I need to to evaluate the function
$f(x) = {1 - (1-A)^x \over A}$,
where $0 < A \leq 1$ and $0 \leq x \leq 1$.
A straightforward C implementation of $f(x)$ with floating-point arithmetic works fine as long as A is reasonably large, but it breaks down when A is tiny. $(1-A)^x$ is very close to 1, and subtracting it from 1 yields a small number with hardly any significant digits, which is then divided by the tiny A.
$f(x)$ appears to approach an identity function as A approaches zero, but I cannot prove that.
Is there some way to rearrange the definition of $f$ that avoids the loss of precision when A is tiny? Even better, is there a way to make it so that $f(x) = x$ for $A = 0$, without introducing a special case?

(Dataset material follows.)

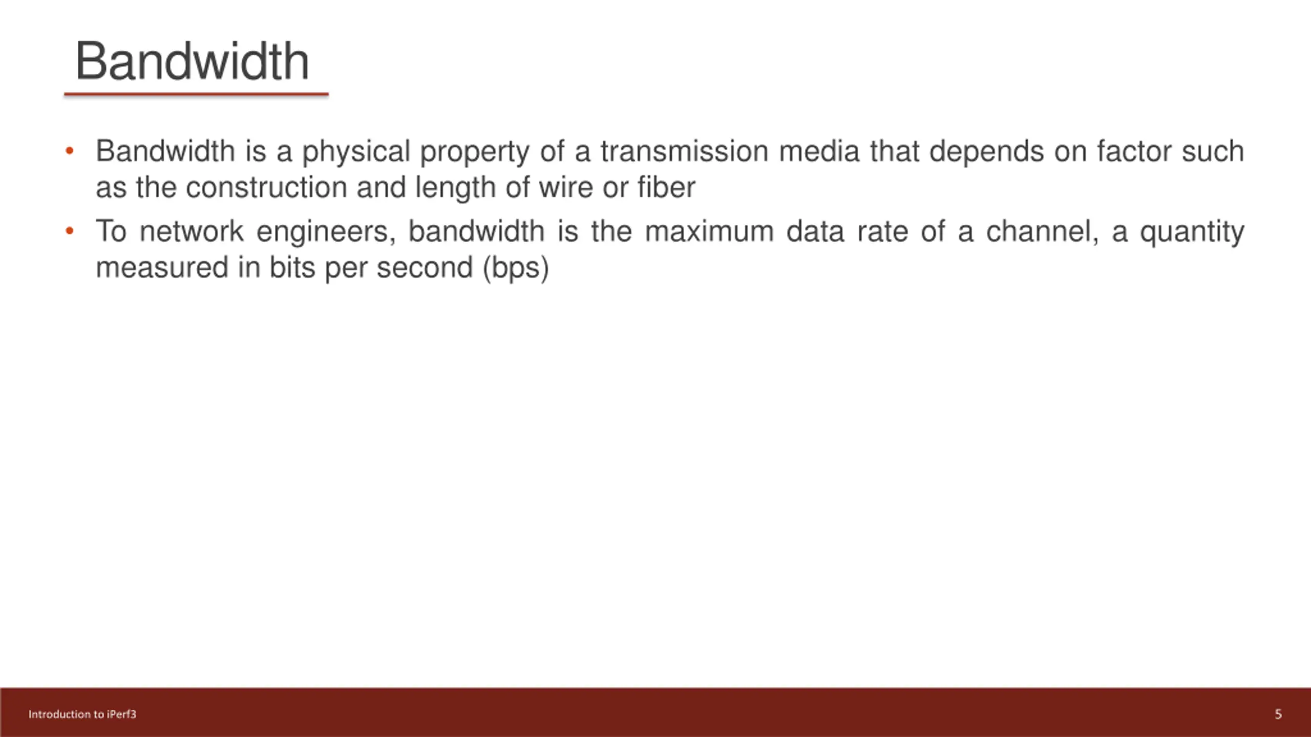 Bandwidth Bandwidth is a physical property of a transmission media that depends on factor such as the construction and length of wire or fiber To network engineers, bandwidth is the maximum data rate of a channel, a quantity measured in bits per second (bps) 5 Introduction to iPerf3

The simple thing to do is to say $(1-A)^x \approx 1-xA$ for $A \ll 1$. This leads to $f(x)=x$ as you say. You can test $A$ and change to $f(x)$ when it is small. The problem this leads to is you have a jump in $f(x)$ as you cross the transition. Maybe this is a problem, maybe not. You can use more terms of the Taylor series: $(1-A)^x \approx 1+x\log(1-A)+\frac 12 (x \log (1-A))^2 + \frac 16 (x \log (1-A))^3 +\ldots$ Then $\log (1-A)=-A-\frac 12A^2-\frac 13A^3-\ldots$. Keeping more terms will reduce the jump. If you need continuity, you can keep a bunch of terms, then near the transition do an interpolation.